But people who are not absolutely sure about the rightness or wrongness of torture could use this thread.

What are you unsure about? The effectiveness of torture as an intelligence gathering tool? The purpose of torture? The rightness or wrongness of torture? Why some people would advocate for torture?

Honestly, I'm not clear about that last one.
 
Well.

You know, maybe it's like what my brain did with W. People told me how stupid he is, and I agreed he seemed sort of dim, but my brain said to me, "Nobody who rises to the Presidency of the United States can possibly be stupid".

I might just not want to believe our forces and intelligence folks could be so inept. I mean, it doesn't make sense given the haystack they had to sift, that they'd want to burden the process by making unnecessary work for themselves with any random Johnny Jihad.

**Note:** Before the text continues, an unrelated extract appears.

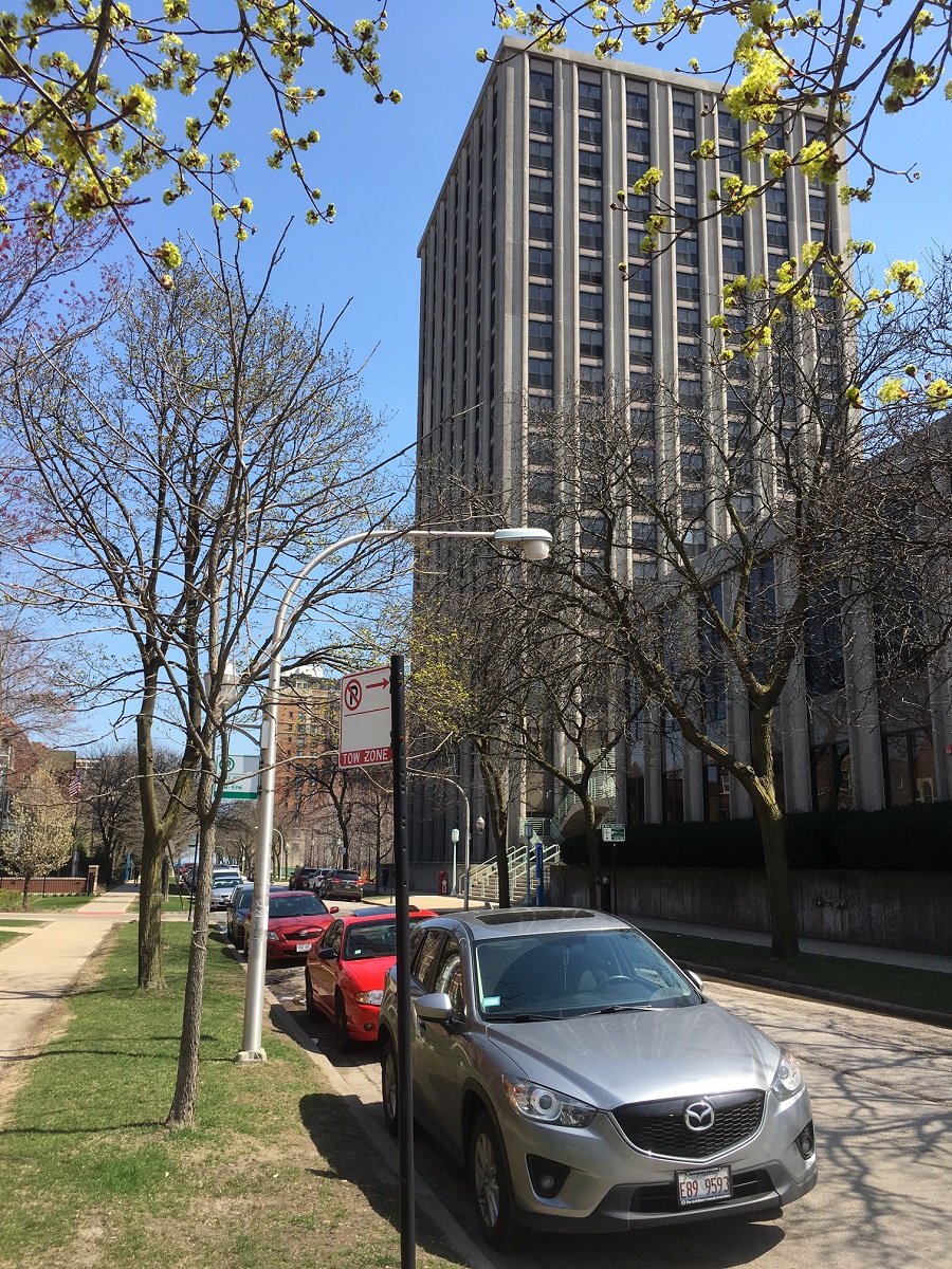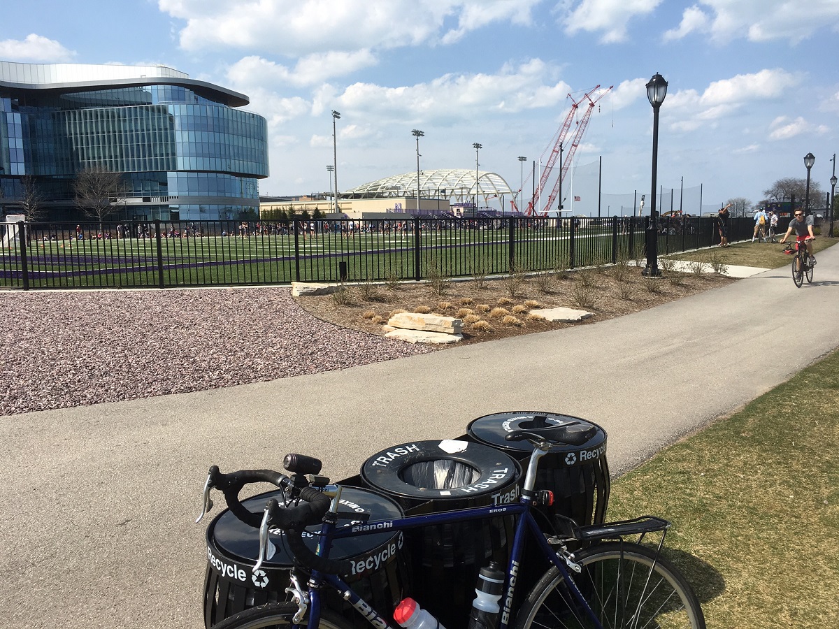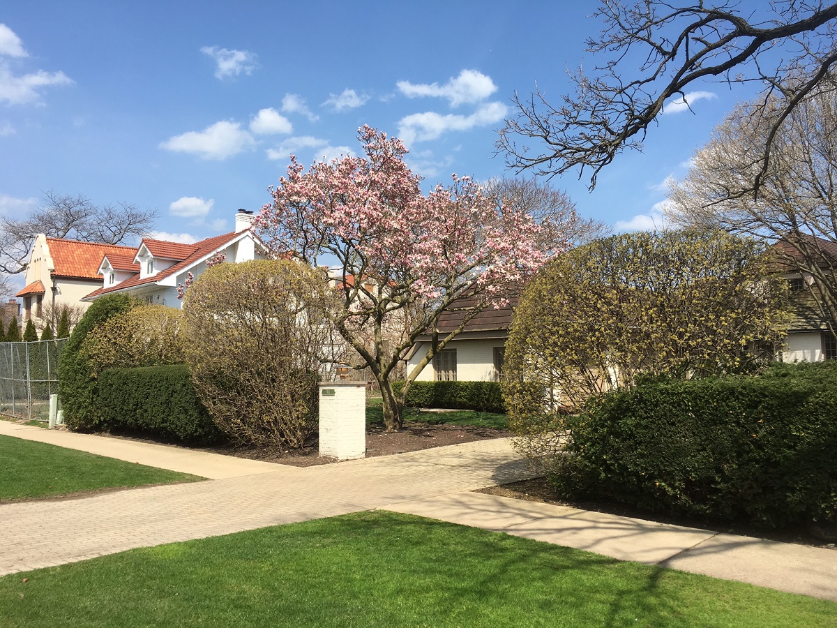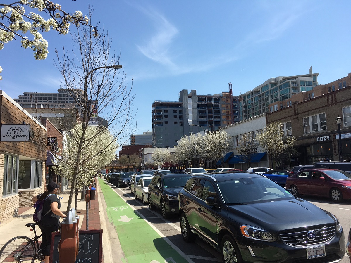 Crabapple trees in bloom with bike lane along Davis Street, Evanston

They can't be that inept. Can they?
 
I've noticed something different. Here are the MG's first four posts in the thread:








Torture isn't about getting information. There are better, more efficient ways to do that. Obtaining information is just a post hoc rationalization, an excuse.

Torture is primarily about hurting people and making them suffer.

Tell me I'm wrong.

Thanks much!

That is about what I was thinking as well. I also think that 'Monketey Ghost' is actually interested in extracting some sort of revenge on detainees and is using the collection of data as an excuse to do horrible things to people that the hates.

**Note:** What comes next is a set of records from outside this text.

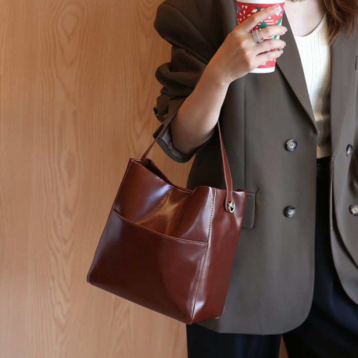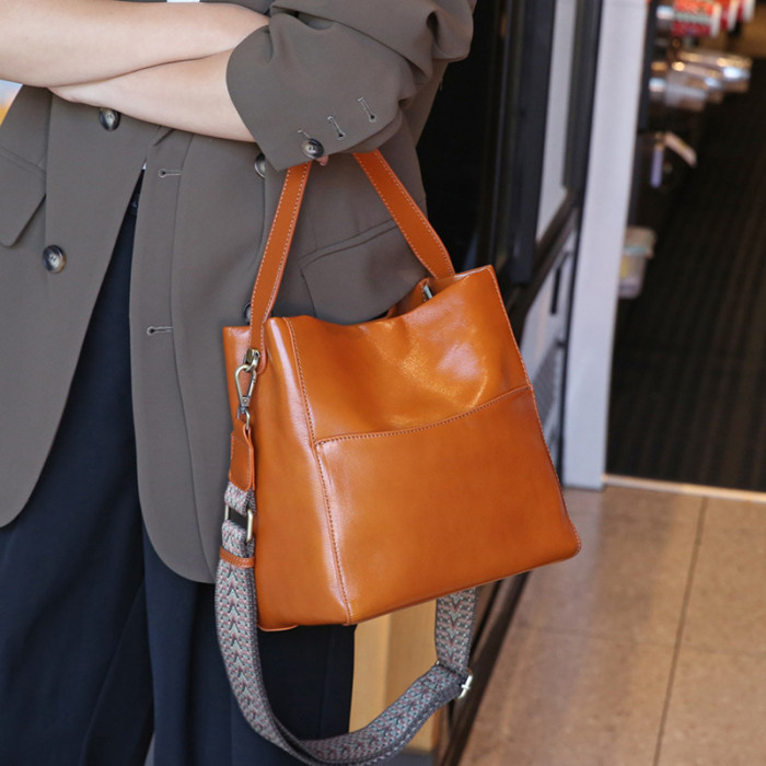 小衆設計水桶包女士頭層油蠟牛皮托特包 大容量通勤真皮單肩女包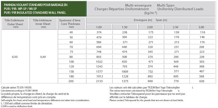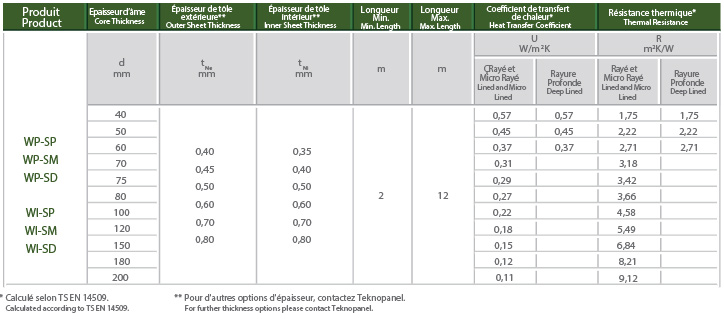 - Selon TS EN 14509, les valeurs U se situent entre 0,57 - 0,11 W/m2K selon l'épaisseur du panneau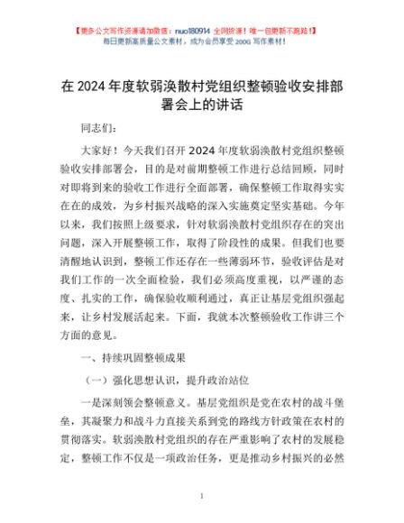 / 在2024年度软弱涣散村党组织整顿验收安排部署会上的讲话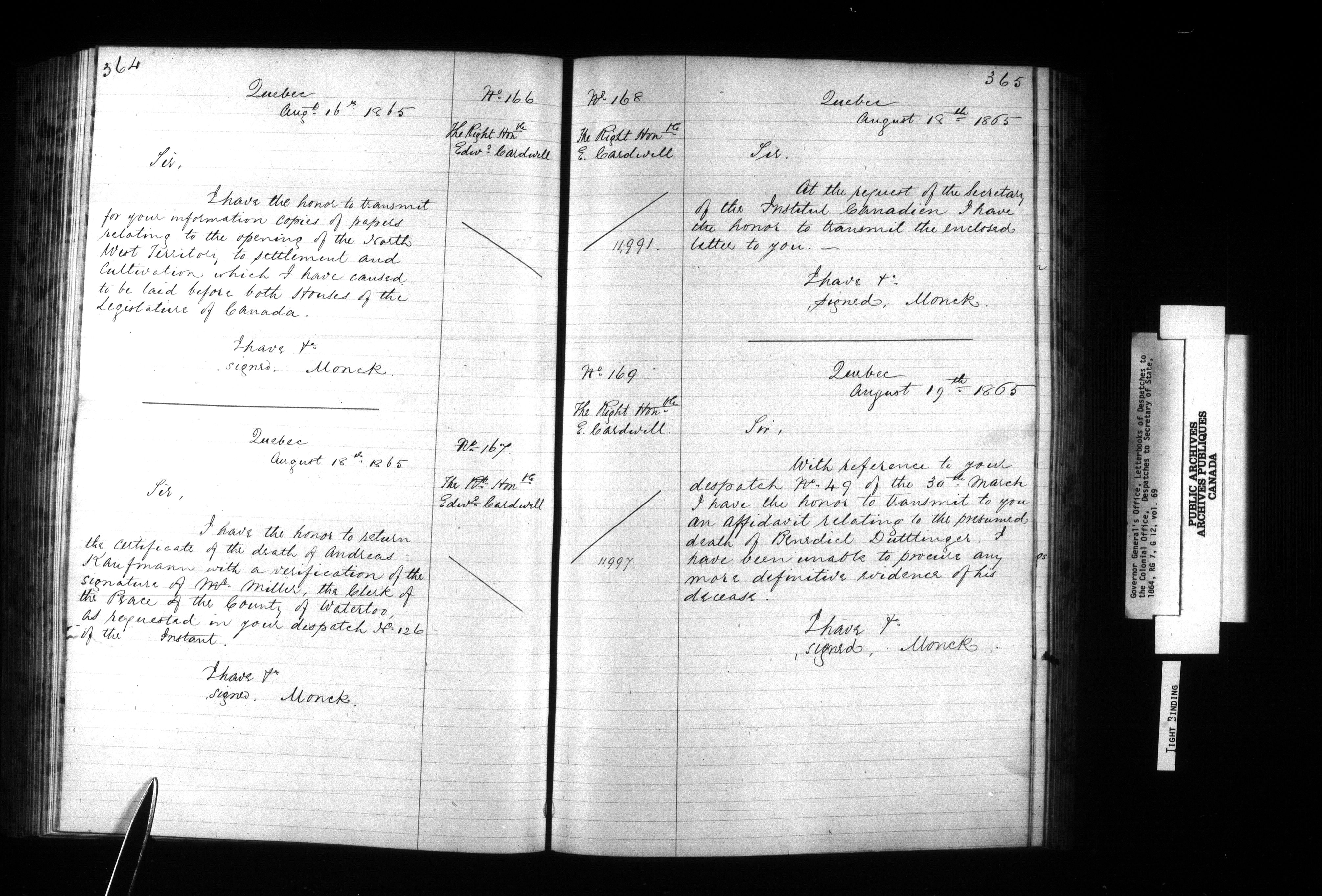 Letter books of Despatches from the Governor-in-Chief in the Province of Canada to the Colonial Office - 1108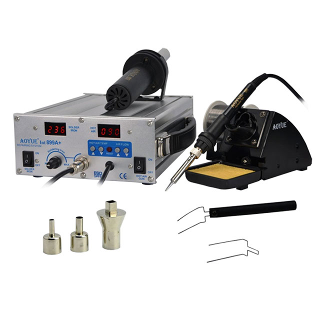 This is manufactured by SRA Soldering Products. The manufacturer part number is AO899A+. The tip cleaner has also integrated with not included. It is assigned with possible HTSUS value of 8515.19.0000. The product is rohs compliant. The possible product's input voltage is 110v. It comes in rework (hot air) configuration. In addition, it is reach unaffected. The product is also supplied with power cord. It is supplied with 2 channels. The product's typical temperature range incudes 212°f ~ 896°f (100°c ~ 480°c). The sra soldering products's product offers user-desired applications. Its typical moisture sensitivity level is 1 (unlimited). The supplied tips/nozzles are included, not specified. It is also supplied with included, not specified. The splendid features of the product include ceramic heater. Furthermore, it has 899a+ base unit. The product aoyue®, is a highly preferred choice for users. This product carries 600w. It is supplied with a robust [Control/Display] control/display. The plug is a highly reliable included, not specified with long service life. Furthermore, the output voltage is 24v. In addition, box is the available packaging type of the product. Moreover, it corresponds to ao899a, a base product number of the product. The product is designated with the ear99 code number.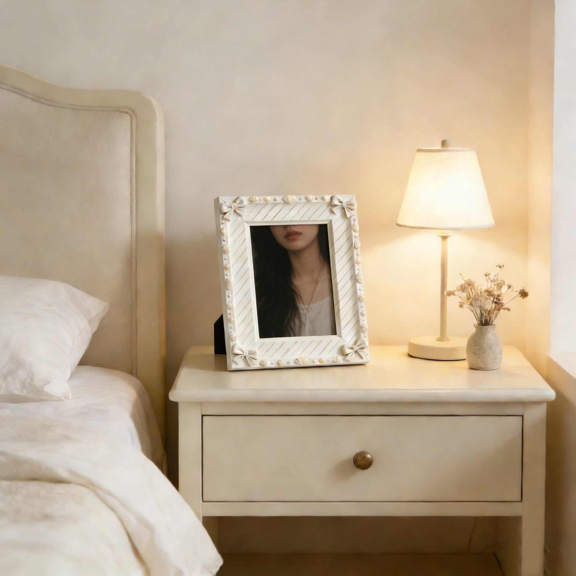 Bow & Shell Relief Diagonal Striped Photo Frame
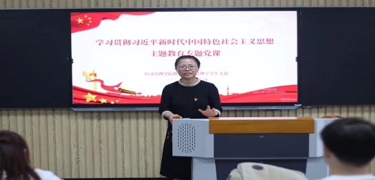 为深入推进学习贯彻习近平新时代中国特色社会主义思想主题教育工作,根据学校主题教育工作安排,6月7日下午,校纪委书记、副校长汪建利到Beat365唯一官方网站教工党支部讲授题为“党的自我革命永葆生机活力”主题教育专题党课。学院党总支书记吴玲、Beat365唯一官方网站教工支部全体教师和管理学学生支部全体学生党员聆听报告,经济管理学院教工支部组织委员邢雨晴主持报告会。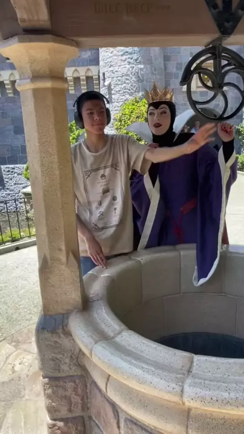 A Rainha Não Tão Má Pedendo Para Thomas Segurar Sua Mão # Autism # AutismAwareness # AutismAcceptance # ASD # Specialneeds # Disney # Disneyparks # Disneyland # disney # disney100 # disney # disney100 # snowwhite # evilqueen # # page

Or to paraphrase the one book that I read on torture a few years back 'while torture is a very poor way to collect data, however torture is quite good at one side establishing its dominance over the side: and it may be the dominance issue that has lead to the continued popularity of torture over the centuries.'
 
Once it's conceded that victims of torture will say anything, including the truth, only two hurdles remain: First, to establish a protocol that exploits this fact. Second, an ethical framework for establishing when and how much torture may be used.

Here's my protocol in a nutshell: Don't ask the detainee to tell the truth. Ask the detainee to make testable predictions. The cell's safe house is X. The email accounts to watch are Y. The shipments are placed in a storage locker at the bus station, marked with a Z. Etc. You can even start by asking the detainee to make predictions that you know have already tested true. The torture stops when the detainee starts making accurate predictions.

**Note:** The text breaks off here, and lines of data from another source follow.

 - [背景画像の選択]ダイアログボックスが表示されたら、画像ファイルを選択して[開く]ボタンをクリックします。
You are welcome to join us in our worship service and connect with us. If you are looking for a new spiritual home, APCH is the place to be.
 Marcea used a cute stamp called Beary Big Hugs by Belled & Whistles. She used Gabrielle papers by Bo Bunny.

Torture should never be an open-ended dominance game. That's morally, and pragmatically repugnant. It should always be a sober, experimental exercise in testable predictions and behavior modification--if it's even used at all.

But I doubt there's anyone in this thread besides me who would be in favor of torture if they thought it worked. All this talk about whether or not torture works is a red herring. Nobody is honestly objecting on the grounds that it doesn't work.
 
Nobody is honestly objecting on the grounds that it doesn't work.
Huh? I was sure you were keeping up with this thread. Do I need to go back to count how many times that exact point has been made? Or is the highlight your no-true-scotsman out card?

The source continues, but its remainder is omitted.